I spent Mardi Gras this week in a New Orleans graveyard. For the second time in less than a year, though the first time since Katrina, we said goodbye to a grandparent in the vast city of mausolea called Lakelawn Cemetary. It was so much sadder this time.

Gravediggers know better than most people in New Orleans what rising water can do — which is why most New Orleans cemeteries are above-ground. Row after row of family tombs crowd the landscape like so many midget Roman temples. Last year it seemed novel, if a little macabre, to bear the casket through the alleys of the tombs to my wife’s family plot. The sun was bright. Flowers livened the drab gray houses of the deceased. Flags waved from numerous veterans’ grave sites.

This year the mood of the family was made darker a hundred-fold by the devestated cemetary, a scene very little would need to be modified in for a B-grade horror movie. On this gray day nearly every mausoleum was stained about four feet off the ground with the puke-green demarcation of high water — a grim reminder that most of the bodies of loved ones were submerged during the weeks before the floodwaters receded. If not assisting grave-side ceremonies the reduced cemetery staff (typical wait time for a burial was three weeks post-mortem) were put to work pressure-washing the horizontal bands of slime from the tombs. The grass between the rows was dead, moist, and fetid. It is difficult to say goodbye to someone you love when you are forced to imagine what might have washed out from the soaken caskets in the ooze on the ground.

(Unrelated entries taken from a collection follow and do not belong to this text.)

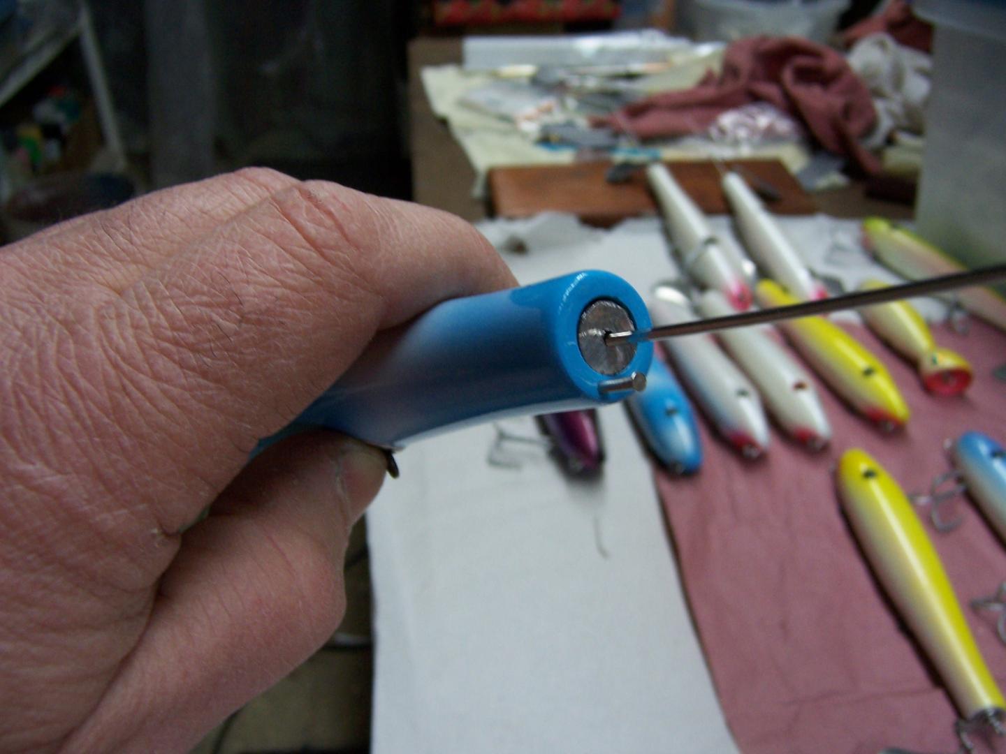 Here is how I do the tail wrap as I have kind of given up on the threaded wire thing as it takes way too much time to thread and I think it may be compromised by a big fish as it is such a small thread. I feel the wrapping of the wire is much stronger. Takes some practice for sure but works great, after a while. I also am now anchoring the hanger into the body of the plug so it can't move around which can be aggravating. I pin it into the body now and glue it.
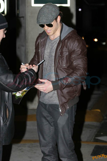 Kellan Lutz arrived in Vancouver last night to get to work on Twilight. Lutz seemed to be in great spirits to be back in Vancouver, even giving one of the photographers a hug after asking for her whereabouts. Well that’s awfully friendly, isn’t it? Especially since last year he and his people were rather accusatory about an incident in Montreal – he claims he was run over by this same pap and feared for his safety, going so far as to file a police report that was eventually dropped because there was no evidence.
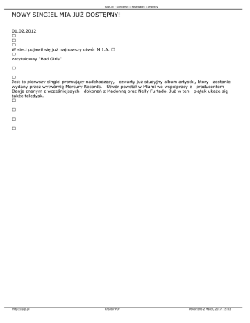 Gigs.pl - Koncerty :: Festiwale :: Imprezy NOWY SINGIEL MIA JUŻ DOSTĘPNY! 01.02.2012 W sieci pojawił się już najnowszy utwór M.I.A. zatytułoway "Bad Girls". Jest to pierwszy singiel promujący nadchodzący, czwarty już studyjny album artystki, który zostanie wydany przez wytwórnię Mercury Records. Utwór powstał w Miami we współpracy z producentem Danja znanym z wcześniejszych dokonań z Madonną oraz Nelly Furtado. Już w ten piątek ukaże się także teledysk. http://gigs.pl Kreator PDF Utworzono 2 March, 2017, 15:03
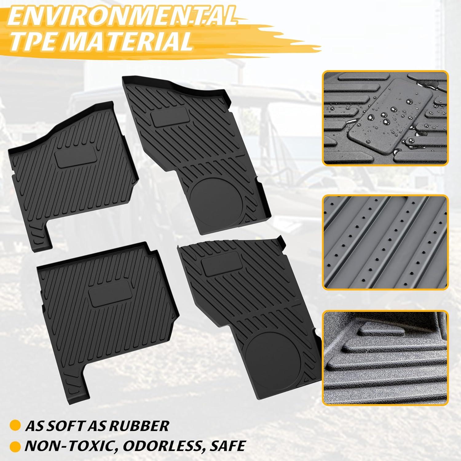 HIGH QUALITY MATERIALS & ALL WEATHER PROTECTION – The TPE material ensures 100% non-toxic, 100% odorless, 100% safe, recyclable and environmentally friendly, which is mostly used in medical and infant industries, won't release any toxic or harmful substances, even in the hot weather, 3 times better temperature resistance than PVC; Won't deform at high temperature and remain flexible in cold weather, excellent rugged foot feeling and durable grip, make you enjoy the best driving experience

Around New Orleans people were partying of course. The press made a lot of New Orleans parading on with Mardi Gras despite being so hobbled. But the truth is that the partiers seemed like actors reciting lines, going through the motions. It reminded me of the lone sober person at a party who acts crazier than the drunks in order not to be called out.

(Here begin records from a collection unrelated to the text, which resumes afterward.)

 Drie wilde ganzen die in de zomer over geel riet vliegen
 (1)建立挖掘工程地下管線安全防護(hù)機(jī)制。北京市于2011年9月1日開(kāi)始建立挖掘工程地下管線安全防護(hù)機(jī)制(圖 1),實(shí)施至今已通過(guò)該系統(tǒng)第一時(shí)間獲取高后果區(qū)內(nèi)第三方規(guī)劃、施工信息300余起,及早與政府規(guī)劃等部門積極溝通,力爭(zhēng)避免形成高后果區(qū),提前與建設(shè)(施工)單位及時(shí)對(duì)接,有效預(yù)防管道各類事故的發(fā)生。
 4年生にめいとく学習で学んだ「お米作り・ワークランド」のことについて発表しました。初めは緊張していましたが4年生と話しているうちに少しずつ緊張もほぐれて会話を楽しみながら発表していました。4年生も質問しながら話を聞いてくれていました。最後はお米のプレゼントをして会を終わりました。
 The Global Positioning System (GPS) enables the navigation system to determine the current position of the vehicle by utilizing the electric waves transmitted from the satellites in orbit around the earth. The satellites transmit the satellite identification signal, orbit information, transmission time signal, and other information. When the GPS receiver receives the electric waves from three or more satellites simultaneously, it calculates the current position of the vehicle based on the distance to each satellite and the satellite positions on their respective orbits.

Not much has visibly changed since the last time I visited New Orleans. The city is still awash in trash, tarps, and trailers. The question I asked myself this time was: how do you start a city from nothing? Urban areas start slowly, accreting people, services, markets, and social networks over decades and centuries. But what happens when you know you want a city to exist in this spot, right now? What do you start with? Schools? OK, but what will bring the parents back? Business? OK, but who will you sell your wares to? Government? OK, but what if they’re utterly incompetent in the absence of the patronage machine that sustained them? I don’t have an answer. To me, this is less a question of disaster recovery or urban planning than one of human need. What factors begin (or restart) the gravitational pull that sucks in enough matter to create a city?

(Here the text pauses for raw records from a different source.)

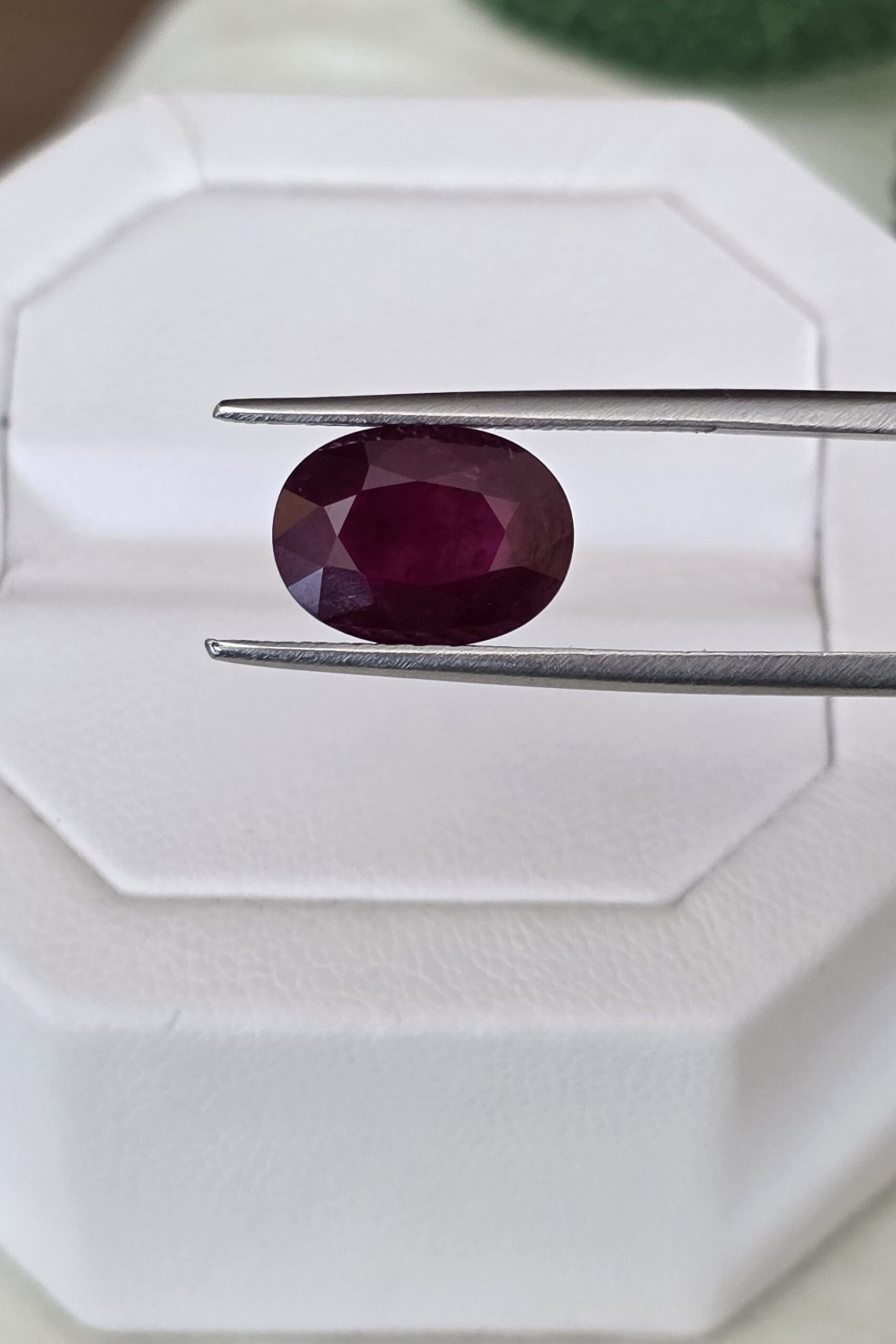 This exquisite Natural Ruby weighs 5.75 carats and is beautifully crafted in an Oval cut measuring 12 × 10.2 × 5 mm. Sourced from Mozambique, this ruby displays a rich, vivid red hue—symbolic of passion, courage, and vitality.
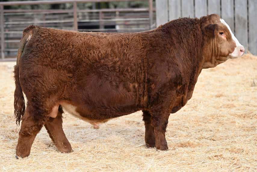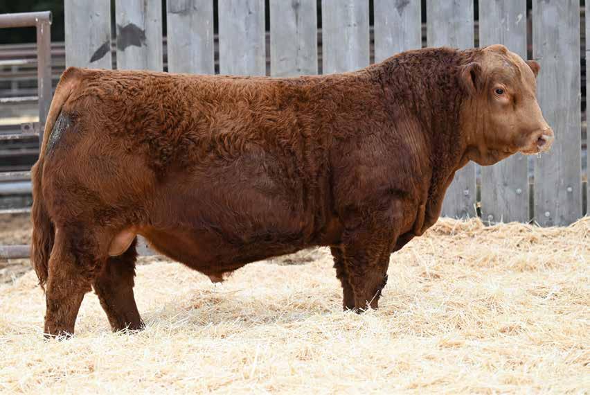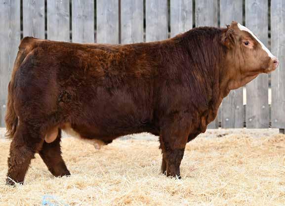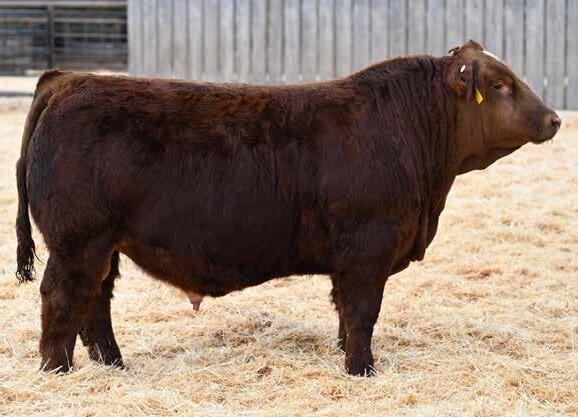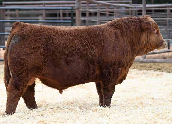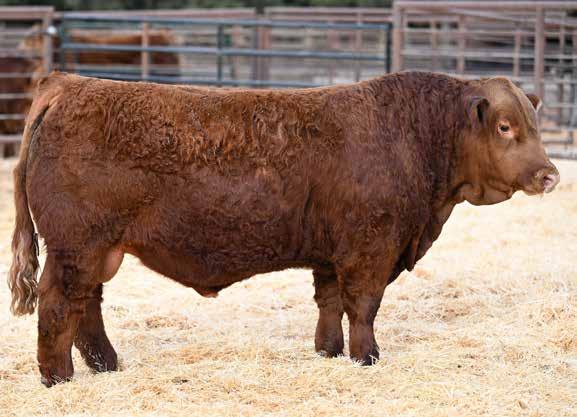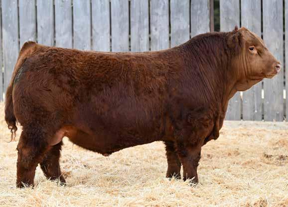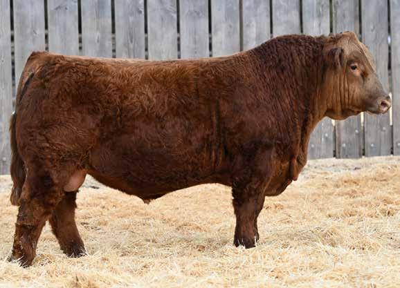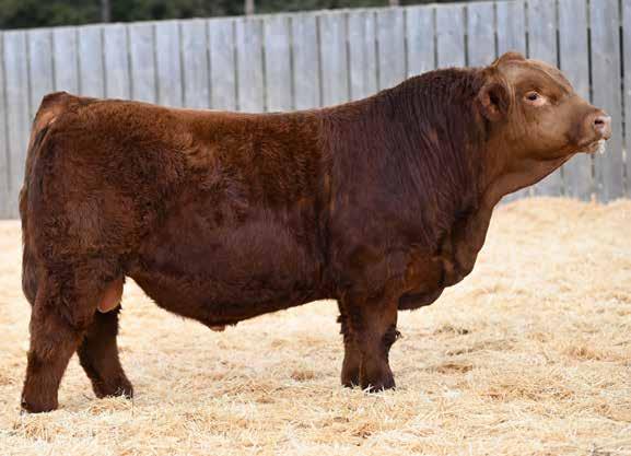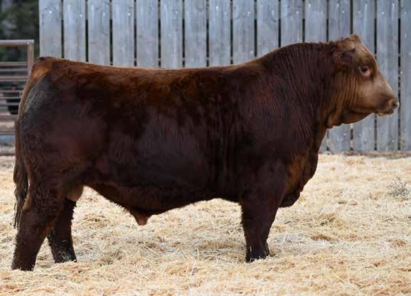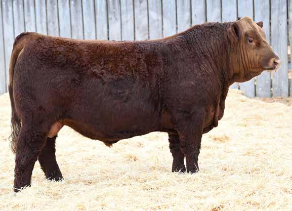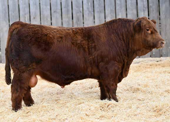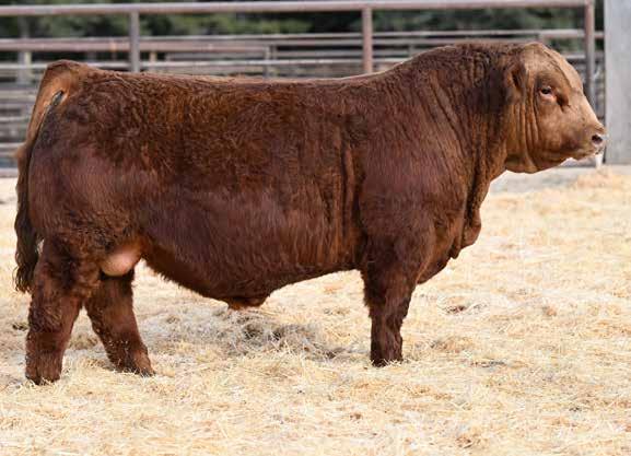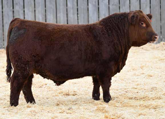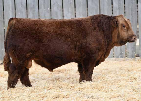 We haven’t sold many Red Angus bulls in the past but do plan on increasing our numbers. KT Resource 5326 is a well-built, dark red, nice headed, wellbalanced bull. His Dam Red U2 Hidee Ho 400F came from the historic U2 dispersal and is a tank of a cow with a beautiful udder. A bull that should make some high-end replacement females.
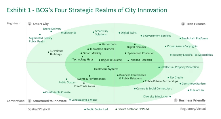 Although building innovative ecosystems has become an institutional priority, the task is anything but simple. Seeding and growing innovation requires employing the right mix of environmental, technological, and fiscal incentives, and so BCG’s Four Realm framework can serve as a tool for public stakeholders such as mayors and city departments and private actors as CEO’s and urban citizens to:
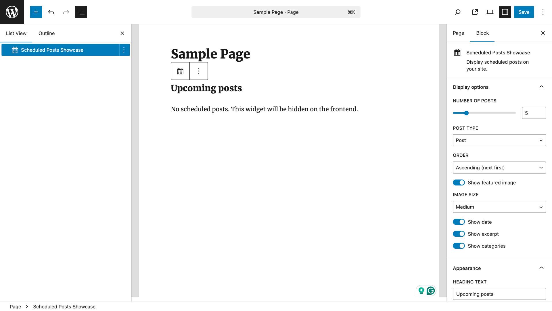- Add the widget, block, or shortcode wherever you want to display scheduled posts.
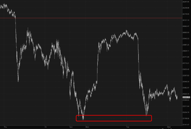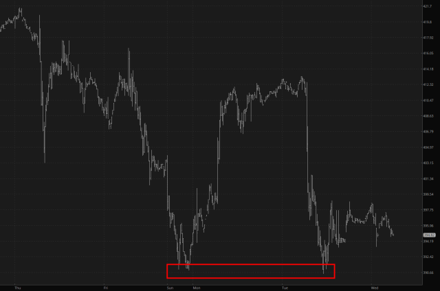 In a similar fashion, the broader /NQ tried to break Sunday’s low but couldn’t quite do it. I think today might just be the day.

Yet good spirits persist. We bought a king cake on the way out of town. Running it through the metal detector in the airport the scanner operator said he’d tell us where the baby was in the cake for $5. When he did anyway gratis we thought he was letting us in on an Easter secret. Was the baby always in the green section? Was there some pattern than only true New Orleanians know? The operator chuckled as he said to my wife “Dawlin’, I’m runnin’ a scanna heah. I see ev’ry baby dat comes tru wit da cakes.”